There are generally only two different coating removal situations that most boat owners face. The first is if your boat has been slathered with teak oil for years. If this is the case, go and get plenty of teak cleaner and get to work. No coating will stick to teak oil. If this has been done for many years, it may take a couple of passes with the cleaner, but it’s fast and easy.

If there’s old, thick, failing varnish on the boat, it’s got to be removed. The best way we’ve found to do this is with a heat gun and scrapers.
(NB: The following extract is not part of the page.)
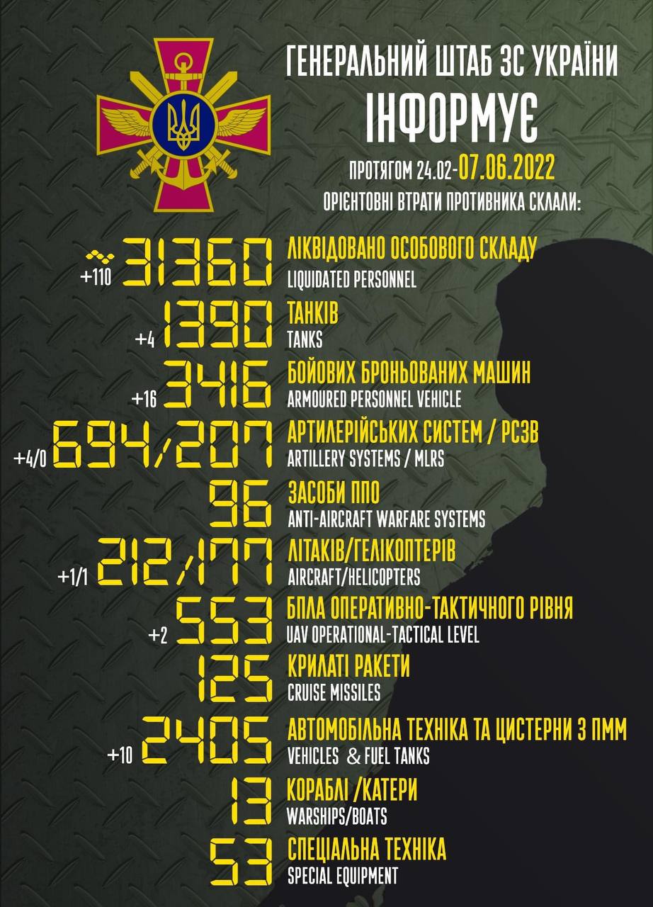 7 Червня 2022, 15:00За час повномасштабної агресії рф проти України, з 24 лютого по 7 червня, загальні втрати живої сили ворога орієнтовно становлять 31360 осіб. Про це повідомляє РеІнформ із посиланням на Генеральний штаб ЗСУ.
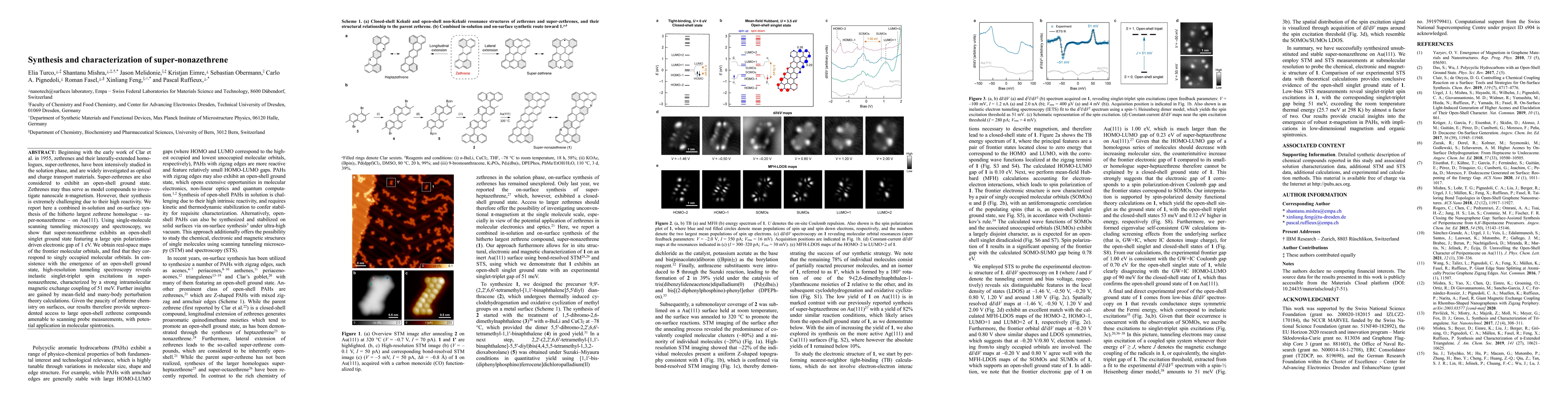 Beginning with the early work of Clar et al. in 1955, zethrenes and their laterally-extended homologues, super-zethrenes, have been intensively studied in the solution phase, and are widely investigated as optical and charge transport materials. Super-zethrenes are also considered to exhibit an open-shell ground state. Zethrenes may thus serve as model compounds to investigate nanoscale pi-magnetism. However, their synthesis is extremely challenging due to their high reactivity. We report here a combined in-solution and on-surface synthesis of the hitherto largest zethrene homologue - super-nonazethrene - on Au(111). Using single-molecule scanning tunneling microscopy and spectroscopy, we show that super-nonazethrene exhibits an open-shell singlet ground state featuring a large spin polarization-driven electronic gap of 1 eV. We obtain real-space maps of the frontier molecular orbitals, and find that they correspond to singly occupied molecular orbitals. In consistence with the emergence of an open-shell ground state, high-resolution tunneling spectroscopy reveals inelastic singlet-triplet spin excitations in super-nonazethrene, characterized by a strong intramolecular magnetic exchange coupling of 51 meV. Further insights are gained by mean-field and many-body perturbation theory calculations. Given the paucity of zethrene chemistry on surfaces, our results therefore provide unprecedented access to large open-shell zethrene compounds amenable to scanning probe measurements, with potential application in molecular spintronics.

This is the cleanest way we’ve found, and you avoid the toxins of paint remover.

In either case, after removing the old coating, this is where you start with the sanding program that’s described above.

Existing Coatings in Good Condition

Areas that have existing finish on them generally need only a fine sanding with 220 grit paper, to remove any oxidation on the surface, and also any minor roughness.

Sand by hand using even pressure, and making sure the sandpaper is changed frequently enough. Use a red ScotchBrite pad on any corners and sharp edges, to make sure that the coating is not removed all the way to the wood. Wipe away the dust frequently to make sure that all areas are evenly sanded and uniformly dull.

The Project Moves Along

After the sanding is done, get all of the dust and such off of the boat with brushes or brooms. Now you’re ready to have a look at any potential problem areas that need to be addressed. These are described in the next article, DIY Guidelines Part 2.

These steps may sound like a lot of work and bother, but trust us – the old saying is completely true – proper and thorough preparation accounts for at least 90% of your success. These prep steps will pay off for many years to come, and make that beautiful finish stay that way for a long time!